Dr. Rodolfo Paredes (Universidad Andres Bello) summarised his investigations on the role of the immune system in the fertility of the cysts in cattle. In the first part of his talk, Dr. Paredes showed the latest result obtained in prevalence of cystic echinococcosis in bovines slaughtered in Santiago, Chile. The unpublished data showed a large predomination of infertile cyst; 61% of the cysts were present only in lungs, with G1 as the most important genotype present in Chile. In the second part, Dr. Paredes presented previous research, showing that germinal layer of infertile cysts presents IgG at least an order of magnitude greater than in the germinal layer of fertile cysts [14] with IgG1 being the predominant immunoglobulin subclass present in the germinal layer of infertile cysts. This suggests that bovine production of IgG1 subclass against parasite antigens present in the germinal layer could be involved in the mechanism of cyst infertility [15]. Finally, Dr. Paredes showed preliminary data on the immunological modulation in animals co-infected with Fasciola hepatica. At the serological level, co-infection raised the IL-4 level predominantly in infertile cyst while at adventitial layer INF-ƴ increased at least two-fold in infertile cyst.

Dr. Gerardo Acosta-Jamett (Universidad Austral de Chile) summarized his studies on the epidemiology of CE at the interphase of the urban and rural settings in the Coquimbo region and highlighted the importance of studying the dynamics of the dog population in any control intervention for this disease. The human:dog ratio in the Coquimbo region varies between 1 and 2 in rural areas and between 5 and 6 in the urban settings of the cities Coquimbo and Ovalle [16]. He also showed data referring to the presence of coproantigens in 7/28 “chilla” fox (Lycalopex griseus) in the Coquimbo region [17]. Human prevalence, based in serological tests, showed a rate of 2.6% (10/403) and a coproantigen test in the same area of the Coquimbo region showed a rate of 28% (26/93) for dogs [8].

Highlights

The session highlighted the efforts of three independent Chilean researchers to continue the investigations related to E. granulosus in three different areas: molecular epidemiology, biology and epidemiology. There was an agreement that the collaboration within Academia and between academics and the Ministry of Health, Ministry of Agriculture, Government and policy and decision makers is vital for the correct implementation of control interventions for this neglected parasite in the near future.

Invited speakers

Melbourne Laureate Professor Marshall Lightowlers (The University of Melbourne, Australia) delivered a presentation on the “Alternatives for the control of cystic echinococcosis”, providing a historical perspective on the development of the EG95 vaccine and the contribution of numerous researchers involved in the study of CE worldwide.

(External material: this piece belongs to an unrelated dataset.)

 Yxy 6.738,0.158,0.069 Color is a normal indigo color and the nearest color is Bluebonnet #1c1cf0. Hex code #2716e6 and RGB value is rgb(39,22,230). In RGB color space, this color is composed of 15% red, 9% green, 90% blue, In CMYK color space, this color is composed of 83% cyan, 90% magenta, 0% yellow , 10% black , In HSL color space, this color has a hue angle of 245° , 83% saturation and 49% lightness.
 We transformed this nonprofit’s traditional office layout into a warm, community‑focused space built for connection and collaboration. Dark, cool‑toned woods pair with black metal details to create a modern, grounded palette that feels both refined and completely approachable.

Together with the already known efficacy of the vaccine [18, 19], he reported the use of the vaccine in field trials in Rio Negro, Argentina, and discussed issues affecting the application of the vaccine in control programmes [20, 21], including the lack of incentive for livestock owners to vaccinate, the lack of animal handling facilities in many small farms where CE transmission is prevalent, the remote locations where control programmes are often being undertaken, as well as difficulties in the coordination of activities and the costs involved, irrespective of the cost of the vaccine itself.

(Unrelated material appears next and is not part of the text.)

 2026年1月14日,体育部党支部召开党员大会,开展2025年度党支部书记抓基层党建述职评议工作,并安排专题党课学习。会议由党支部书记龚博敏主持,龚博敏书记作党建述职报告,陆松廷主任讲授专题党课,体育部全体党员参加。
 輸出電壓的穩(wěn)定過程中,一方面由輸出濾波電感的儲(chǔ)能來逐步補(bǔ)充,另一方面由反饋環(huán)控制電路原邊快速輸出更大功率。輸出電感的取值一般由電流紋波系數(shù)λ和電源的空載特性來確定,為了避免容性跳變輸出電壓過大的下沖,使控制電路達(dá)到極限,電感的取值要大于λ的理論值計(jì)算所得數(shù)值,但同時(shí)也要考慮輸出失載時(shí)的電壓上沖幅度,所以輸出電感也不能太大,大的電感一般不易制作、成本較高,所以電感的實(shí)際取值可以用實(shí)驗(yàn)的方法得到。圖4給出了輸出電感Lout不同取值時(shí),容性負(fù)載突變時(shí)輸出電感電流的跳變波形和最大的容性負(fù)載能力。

Dr. Francesca Tamarozzi (University of Pavia, Italy) shared her experience in two aspects of the diagnosis of human disease: serology and ultrasonography (US). The general advantages of US are the low-cost, non-invasivity, repeatability, ad being highly accepted by the population, which is also sensitized as patients can see the cyst (if present). In diagnosis and staging of abdominal CE, US is the most accurate imaging tool compared to Magnetic Resonance Imaging and computerised tomography. Dr. Tamarozzi summarised the organization and rationale of US surveys for CE carried out in Tibet (PRC), Morocco, Perú, and most recently, within the EU “HERACLES” project in three endemic countries in eastern Europe. Important ethical issues to be considered before carrying out a population screening, as well as the importance of training of local doctors and dissemination of the results, were especially highlighted. Dr. Tamarozzi also described the WHO-IWGE (Informal Working Group on Echinococcosis) consensus classification of CE cysts and discussed the stage-specific clinical management options. In a second presentation, Dr. Tamarozzi illustrated the difficulties in the interpretation of the serology results for the diagnosis and follow-up of CE. She stressed that serology has only a complementary role to imaging, both in the context of individual patients and of prevalence studies, where current serodiagnostic tests alone are not appropriate to assess infection prevalence. Available serological tests have unsatisfactory sensitivity and specificity; heterogeneous performances and results are influenced by a number of variables, which needs to be known when interpreting results. New areas of research in this field include the use of recombinant antigens and the detection of host cytokines.

Highlights

The presence of the invited speakers at the meeting attracted high level of interest from the audience and was a crucial factor on the success of this event. The talk by Professor Lightowlers was the first of this kind in Chile to a general audience involving not only academics but representatives of the Ministry of Health and Agriculture. Government representatives had the opportunity to hear first-hand about the development of the EG95 vaccine from a scientific and unbiased perspective. Since the usage of the vaccine will begin in some areas in Chile during 2016 in pilot trials, the timely presence of Professor Lightowlers highlighted the benefits of the inclusion of the vaccine in a control programme but also pointed out some difficulties in the practical implementation of its use, i.e. difficulty accessing animals in remote places and the lack of a commercial incentive for livestock owners to vaccinate against cystic echinococcosis, hence the critical importance of minimizing the cost of vaccination to the livestock owners. His presentation revealed that to date, after 20 years from the publication of the discovery of the EG95 vaccine, there are very limited good quality data available which assesses the real impact of the vaccine in field conditions. Therefore, the control plans developed in Chile that include vaccination are an opportunity to produce scientific evidence of the usefulness of the vaccine, so it can be implemented in other parts of the world.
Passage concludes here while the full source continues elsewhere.